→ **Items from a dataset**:
= = =

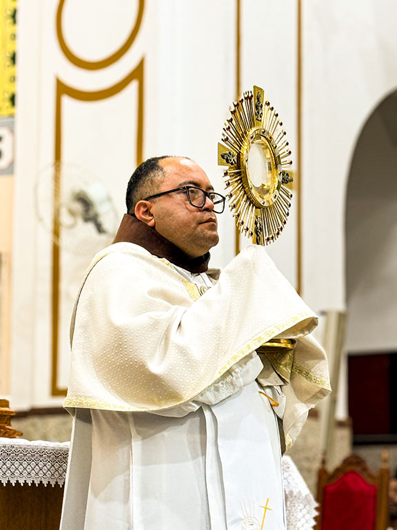 Diante de Jesus Eucarístico, os devotos de São Francisco são chamados a seguir o exemplo do Santo das Chagas: amar, adorar e servir com simplicidade e alegria.
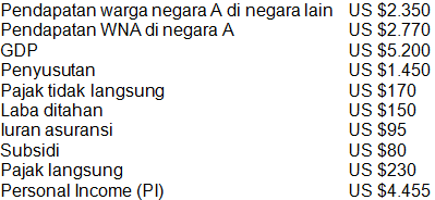 Komponen pendapatan negara A menuniukkan data sebagai berikut:
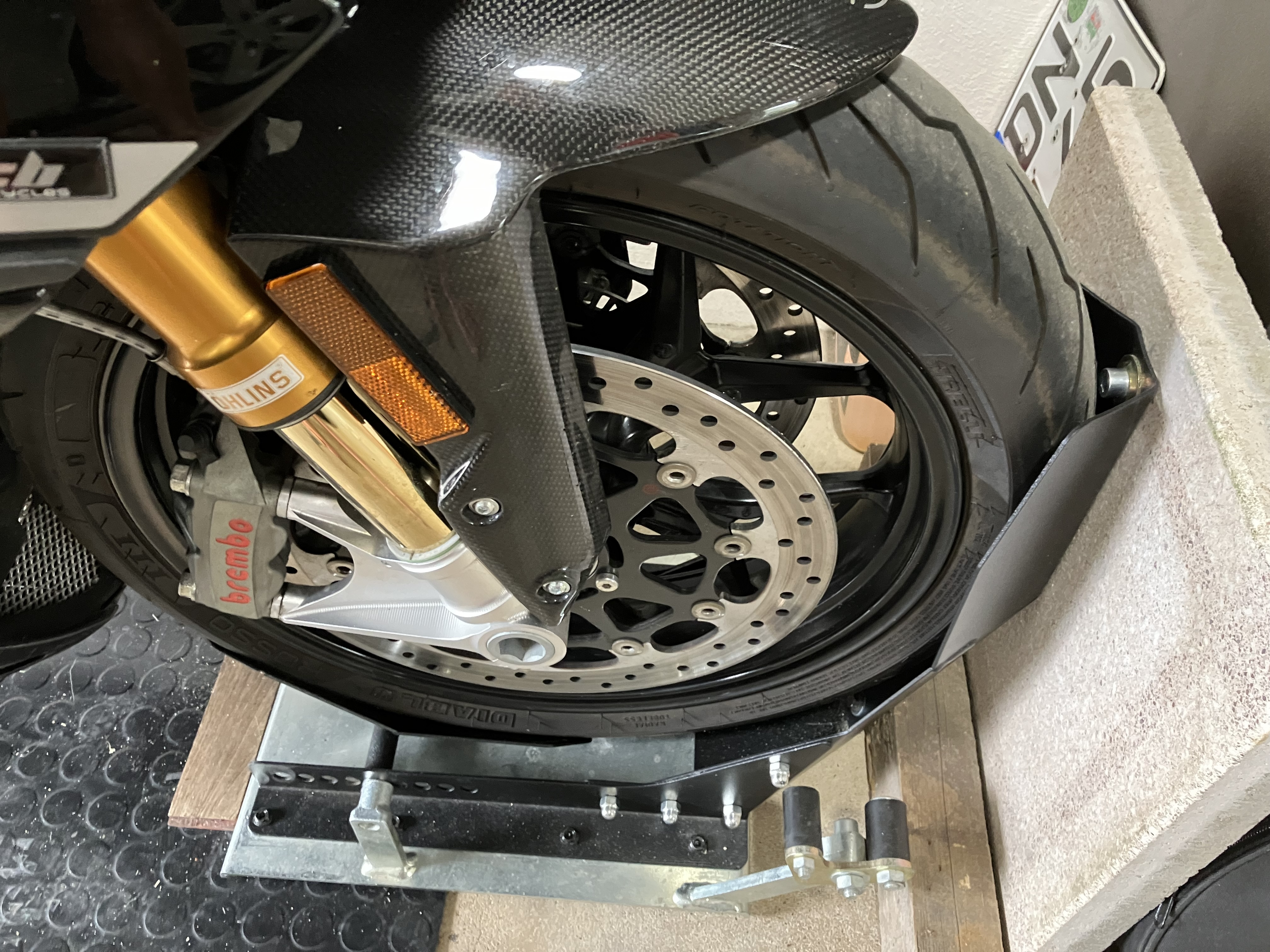 Für einen sicheren Stand musste meine K1200 Montageplatte und eine Terrassenplatte herhalten. Wollte nicht in der Garagenboden bohren.
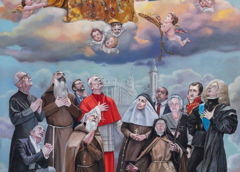 En otro orden aparecen también el Cardenal Marcelo Spínola y Maestre (1835-1906), impulsor del último movimiento diocesano a favor de la Declaración Dogmática, Vicemayoral de la Hermandad y que prestó especial impulso al Voto Asuncionista de 1903, y como no podría ser de otra manera, Fray Isidoro de Sevilla (1662-1750), creador de la devoción a la Divina Pastora, primer apóstol y fundador de su Primitiva Hermandad. Mirando hacia arriba, Santa Ángela de la Cruz (1846-1932), fundadora de la Compañía de Hermanas de la Cruz en su 150 aniversario, quien proclamó a la Divina Pastora como patrona del Noviciado, y arrodillada, en arrobo místico, Santa María Francisca de las Cinco Llagas (1715-1791), terciaria nacida en Nápoles, que extendió allí la devoción a la Divina Pastora, que vería convertirse en Rey de España a Carlos III, rey de las Dos Sicilias, por la milagrosa intercesión de la Divina Pastora.
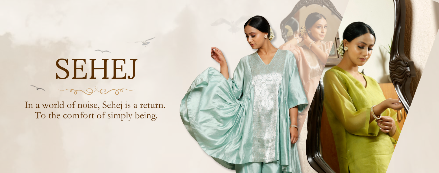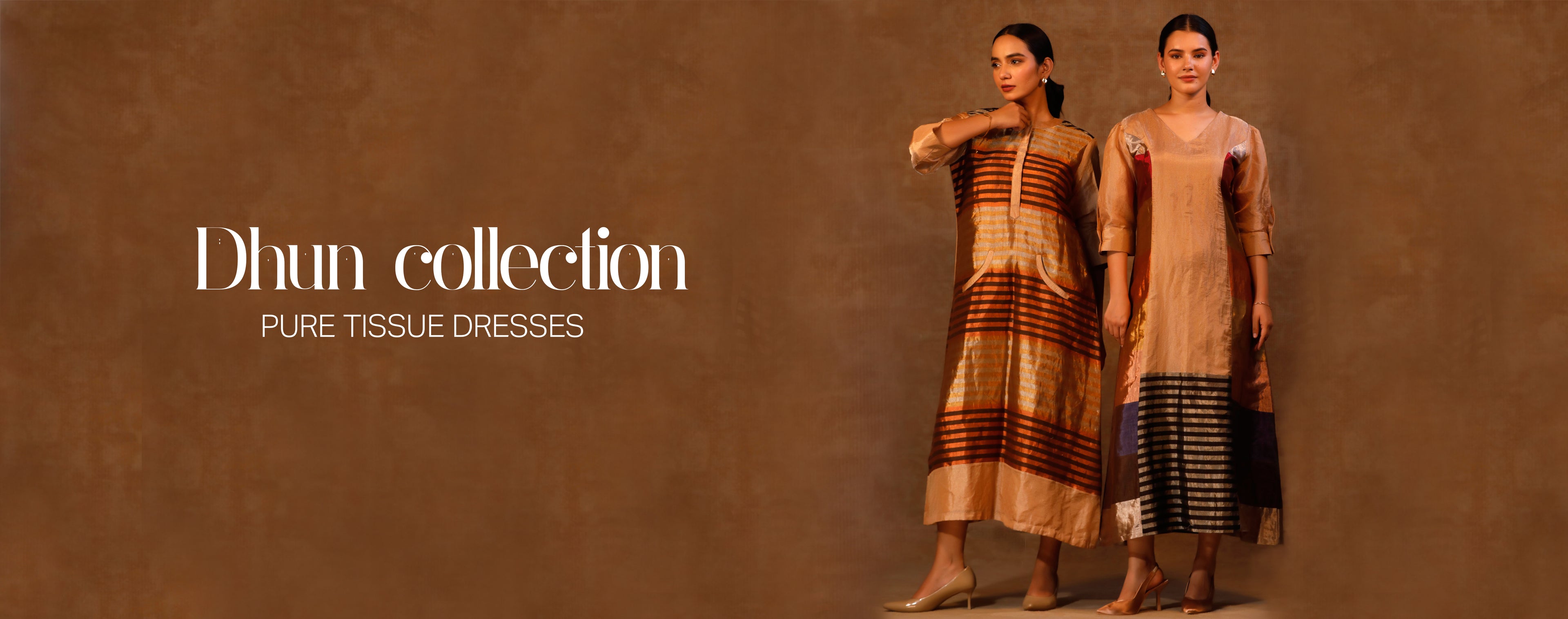 Journey through the 'Dhun of Benaras' collection, where each fabric harmonizes the sacred symphony of the ancient city into a wearable form of art.
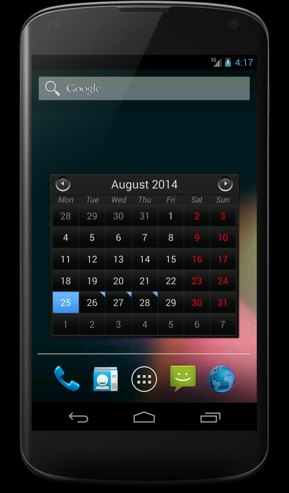 Simple calendar widget that shows current month and date. Week starts from Monday. Weekends are highlighted with red color. There's option to view previous and next months.

= = =

Every record above must be printed exactly, except for its images.

 Diante de Jesus Eucarístico, os devotos de São Francisco são chamados a seguir o exemplo do Santo das Chagas: amar, adorar e servir com simplicidade e alegria.
 Komponen pendapatan negara A menuniukkan data sebagai berikut:
 Für einen sicheren Stand musste meine K1200 Montageplatte und eine Terrassenplatte herhalten. Wollte nicht in der Garagenboden bohren.
 En otro orden aparecen también el Cardenal Marcelo Spínola y Maestre (1835-1906), impulsor del último movimiento diocesano a favor de la Declaración Dogmática, Vicemayoral de la Hermandad y que prestó especial impulso al Voto Asuncionista de 1903, y como no podría ser de otra manera, Fray Isidoro de Sevilla (1662-1750), creador de la devoción a la Divina Pastora, primer apóstol y fundador de su Primitiva Hermandad. Mirando hacia arriba, Santa Ángela de la Cruz (1846-1932), fundadora de la Compañía de Hermanas de la Cruz en su 150 aniversario, quien proclamó a la Divina Pastora como patrona del Noviciado, y arrodillada, en arrobo místico, Santa María Francisca de las Cinco Llagas (1715-1791), terciaria nacida en Nápoles, que extendió allí la devoción a la Divina Pastora, que vería convertirse en Rey de España a Carlos III, rey de las Dos Sicilias, por la milagrosa intercesión de la Divina Pastora.
 Journey through the 'Dhun of Benaras' collection, where each fabric harmonizes the sacred symphony of the ancient city into a wearable form of art.
 Simple calendar widget that shows current month and date. Week starts from Monday. Weekends are highlighted with red color. There's option to view previous and next months.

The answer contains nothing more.